» **Study material**

************

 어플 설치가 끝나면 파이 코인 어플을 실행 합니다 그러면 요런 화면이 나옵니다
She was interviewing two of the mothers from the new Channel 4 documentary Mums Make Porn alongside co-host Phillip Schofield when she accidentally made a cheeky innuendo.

************

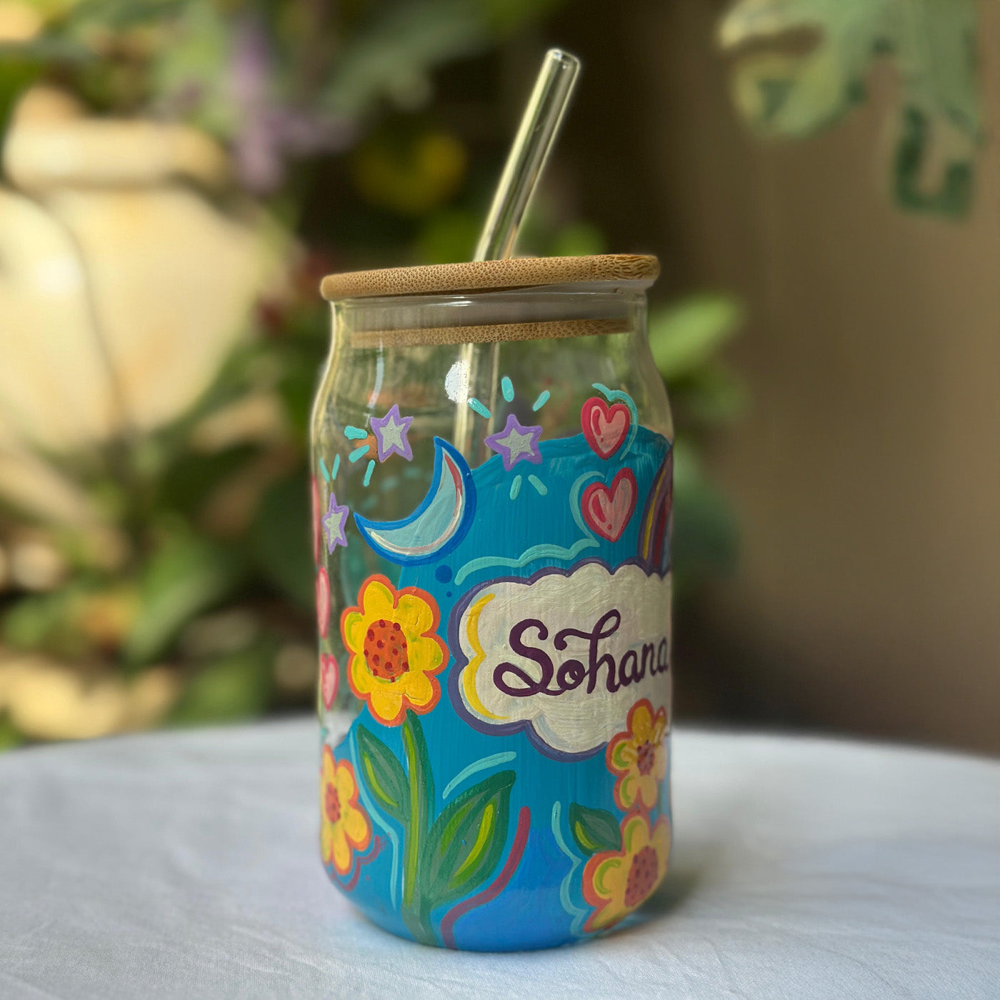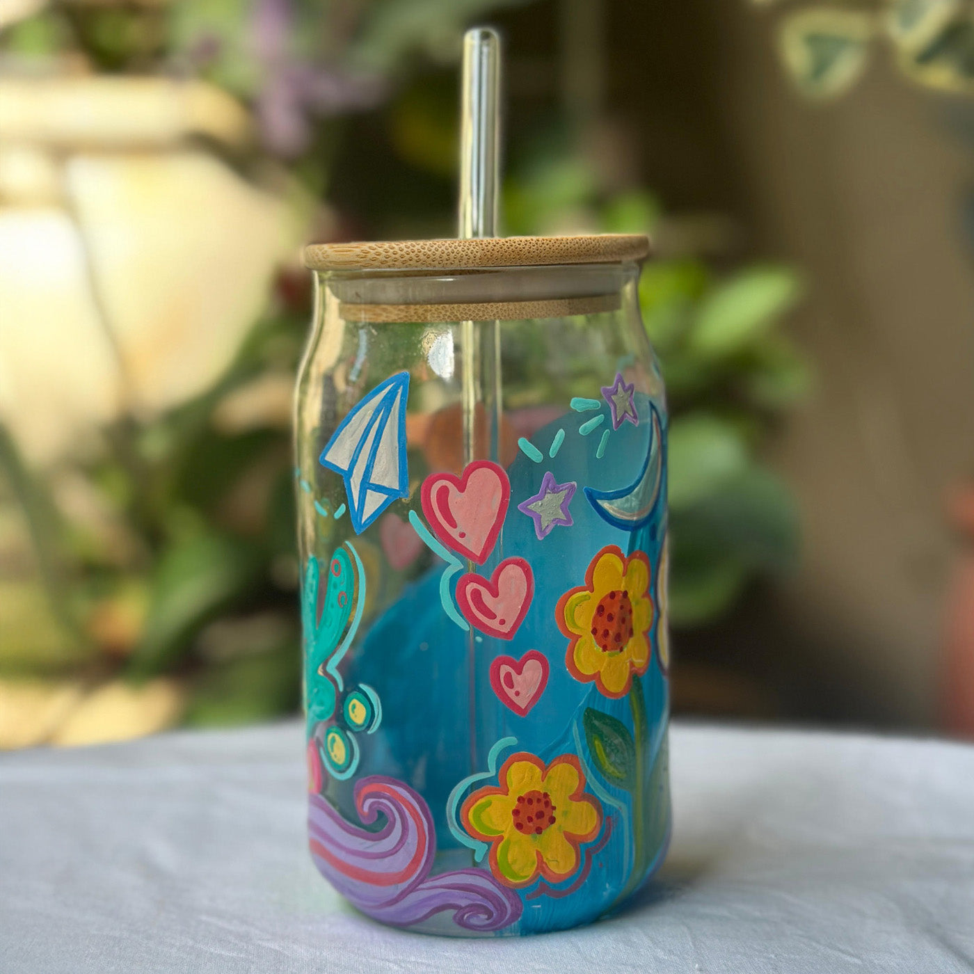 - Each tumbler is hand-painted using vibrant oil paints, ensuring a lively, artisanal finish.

************

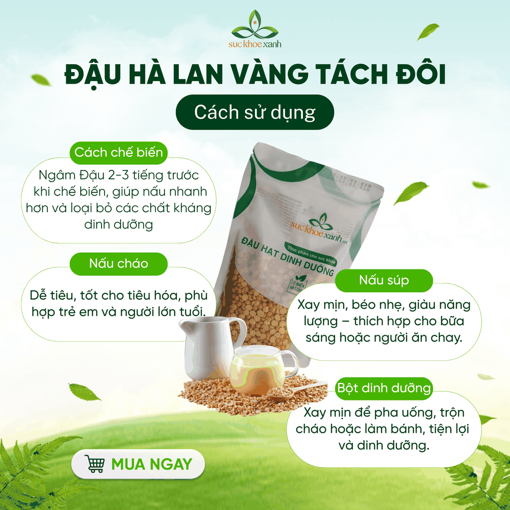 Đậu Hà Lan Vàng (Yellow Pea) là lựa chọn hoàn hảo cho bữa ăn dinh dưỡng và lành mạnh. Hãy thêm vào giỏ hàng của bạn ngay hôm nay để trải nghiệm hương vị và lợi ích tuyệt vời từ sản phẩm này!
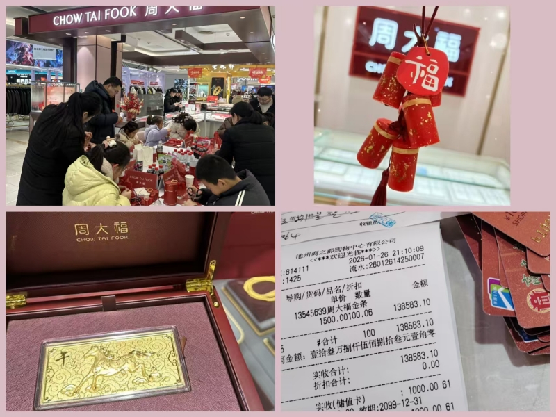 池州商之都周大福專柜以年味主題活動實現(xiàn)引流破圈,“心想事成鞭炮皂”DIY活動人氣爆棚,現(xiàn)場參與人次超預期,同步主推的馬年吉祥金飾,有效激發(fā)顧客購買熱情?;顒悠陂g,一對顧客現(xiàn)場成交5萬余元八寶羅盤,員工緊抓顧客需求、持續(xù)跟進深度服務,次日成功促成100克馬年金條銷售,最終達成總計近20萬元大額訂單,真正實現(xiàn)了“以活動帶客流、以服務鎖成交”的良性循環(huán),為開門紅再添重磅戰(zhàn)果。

************

All lines in the listing above from the line containing "어플 설치가 끝나면 파이 코인 어플을 실행 합니다 그러면 요런 화면이 나옵니다" to the line containing "She was interviewing", inclusive, should be retyped exactly; no other lines should appear.

» **Reply to the exercise**
 어플 설치가 끝나면 파이 코인 어플을 실행 합니다 그러면 요런 화면이 나옵니다
She was interviewing two of the mothers from the new Channel 4 documentary Mums Make Porn alongside co-host Phillip Schofield when she accidentally made a cheeky innuendo.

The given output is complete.